Given information Start Marker

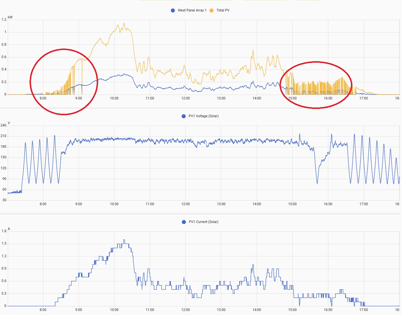 The other day I had my firmware updated on my KH7 inverter, to take advantage of the additional data made available to home assistant in that version. All seemed well, and I can now get battery cell temps but I've noticed a strange behaviour in the PV load and individual string outputs. Rather than the normal graph I used to get, where the output varied with the sun, but always had at least a small output in daytime, I am seeing the output total and all string outputs drop to zero for a few seconds to a few mins, then pop back up again to where I'd expect. It seems to only happen at lower outputs, up to about 0.6kW total but it didn't do it before the update. I've attached screenshots for the total PV power and PV string 1 (West Panel Array 1) with current and voltage also for PV1 for before and after the issue showed up.
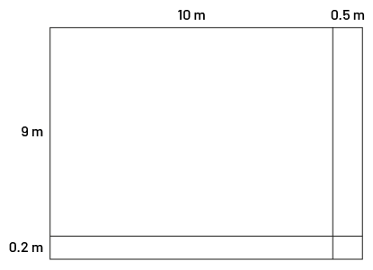 A rectangular lawn measures 10.5 m by 9.2 m. Clara subdivides her lawn in parts, as she wants to adjust the height of the mower to cut it according to the desired requirements.
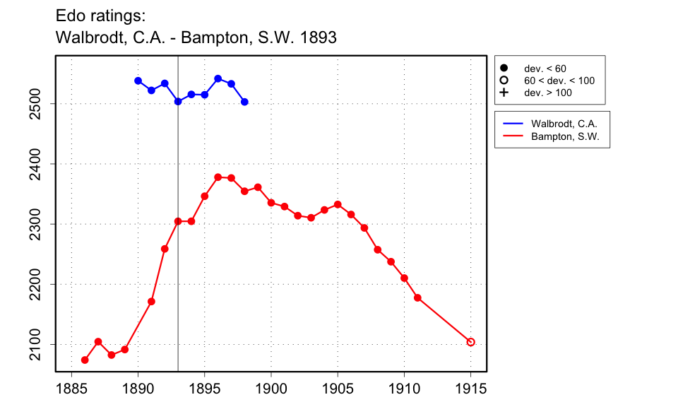 | A single offhand game was played between Walbrodt and Bampton. The date was either the very end of March or the beginning of April 1893, according to Hilbert. |
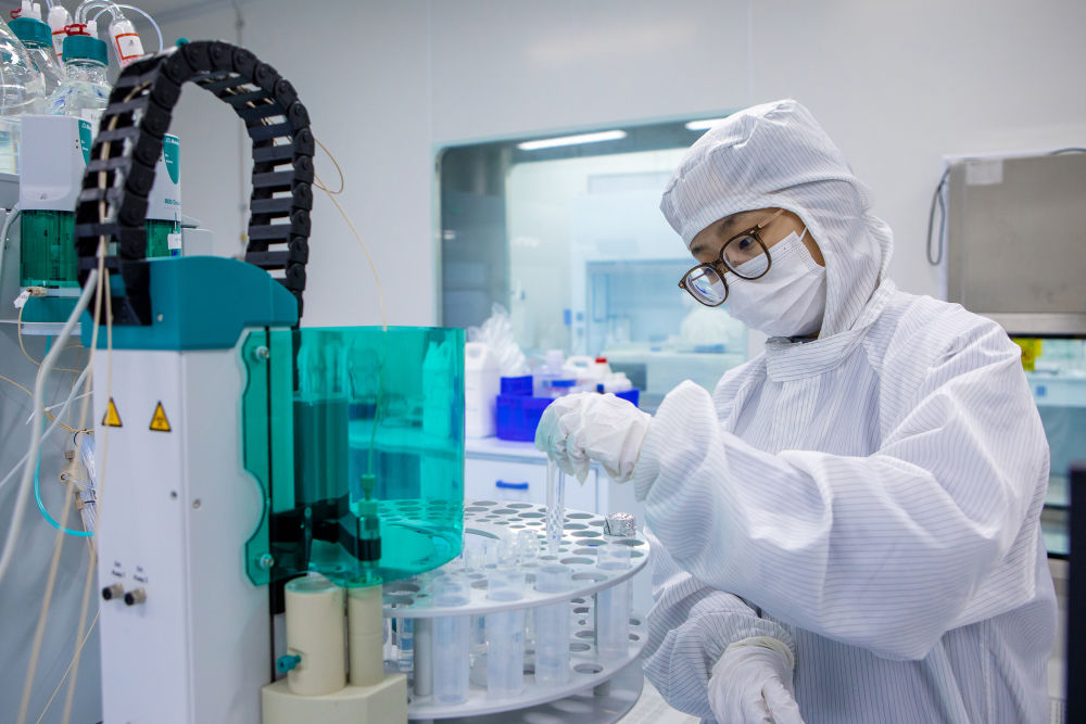 这是2020年4月22日在湖北宜昌一家药品生产企业拍摄的质检工序场景。该企业是国内最大的麻醉药品定点研发企业,研发生产的麻醉药品在国内占据60%以上市场份额。
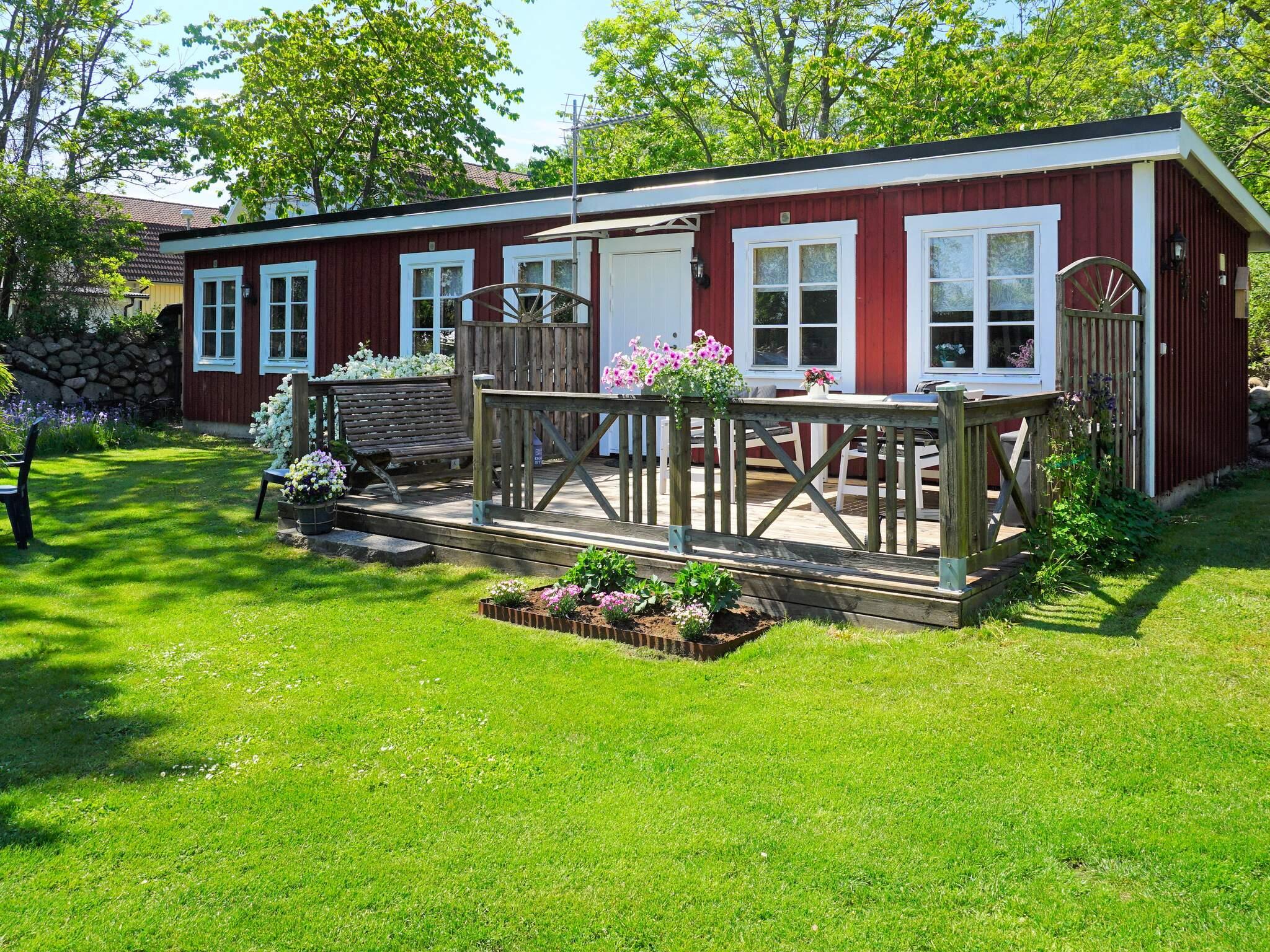 På denna gamla och grönskande fisketomt i Nogersund ligger denna stuga, eller annex, som i all enkelhet erbjuder det mesta som man kräver av ett boende på semestern. Här finns ett öppet kök med möblemang tillsammans med ett vardagsrum där man kan både sitta, äta och mysa i soffan. I stugan finns ett sovrum med en dubbelsäng och en enkelsäng men även en bäddsoffa i vardagsrummet. I badrummet finns dusch, tvättmaskin och torktumlare. På framsidan av stugan har man en härlig altan med grill och utemöbler.
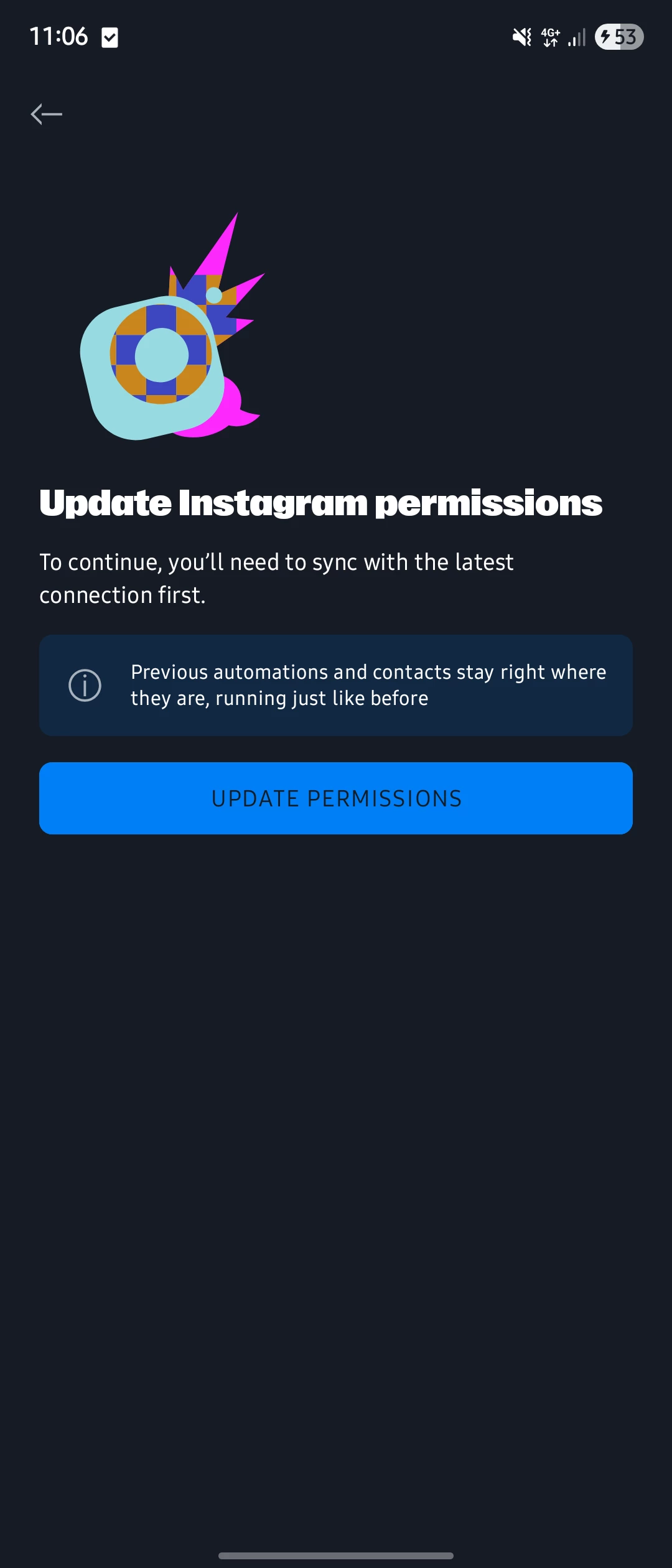 Ive updated my permission however it kept on asking for the same request when im trying to set up auto message for new followers.
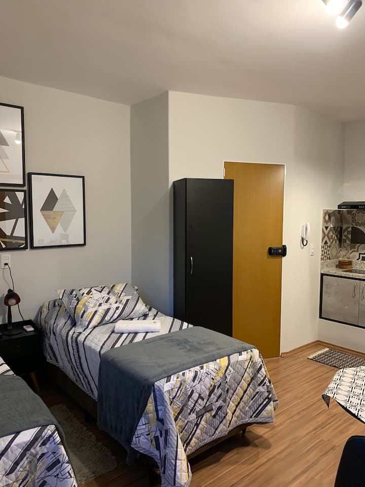 استوديو مريح على بعد 350 مترًا من جامعة ساو باولو. إنترنت ذكي، 650 ميجابايت.
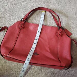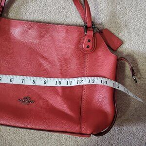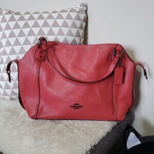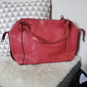 Elegant red leather bag. Features a sleek design. Perfect for any occasion.

Given information End Marker

→ Exercise aim
Set the records down again exactly as given, and leave the pictures out.

→ Answer box
 The other day I had my firmware updated on my KH7 inverter, to take advantage of the additional data made available to home assistant in that version. All seemed well, and I can now get battery cell temps but I've noticed a strange behaviour in the PV load and individual string outputs. Rather than the normal graph I used to get, where the output varied with the sun, but always had at least a small output in daytime, I am seeing the output total and all string outputs drop to zero for a few seconds to a few mins, then pop back up again to where I'd expect. It seems to only happen at lower outputs, up to about 0.6kW total but it didn't do it before the update. I've attached screenshots for the total PV power and PV string 1 (West Panel Array 1) with current and voltage also for PV1 for before and after the issue showed up.
 A rectangular lawn measures 10.5 m by 9.2 m. Clara subdivides her lawn in parts, as she wants to adjust the height of the mower to cut it according to the desired requirements.
 | A single offhand game was played between Walbrodt and Bampton. The date was either the very end of March or the beginning of April 1893, according to Hilbert. |
 这是2020年4月22日在湖北宜昌一家药品生产企业拍摄的质检工序场景。该企业是国内最大的麻醉药品定点研发企业,研发生产的麻醉药品在国内占据60%以上市场份额。
 På denna gamla och grönskande fisketomt i Nogersund ligger denna stuga, eller annex, som i all enkelhet erbjuder det mesta som man kräver av ett boende på semestern. Här finns ett öppet kök med möblemang tillsammans med ett vardagsrum där man kan både sitta, äta och mysa i soffan. I stugan finns ett sovrum med en dubbelsäng och en enkelsäng men även en bäddsoffa i vardagsrummet. I badrummet finns dusch, tvättmaskin och torktumlare. På framsidan av stugan har man en härlig altan med grill och utemöbler.
 Ive updated my permission however it kept on asking for the same request when im trying to set up auto message for new followers.
 استوديو مريح على بعد 350 مترًا من جامعة ساو باولو. إنترنت ذكي، 650 ميجابايت.
 Elegant red leather bag. Features a sleek design. Perfect for any occasion.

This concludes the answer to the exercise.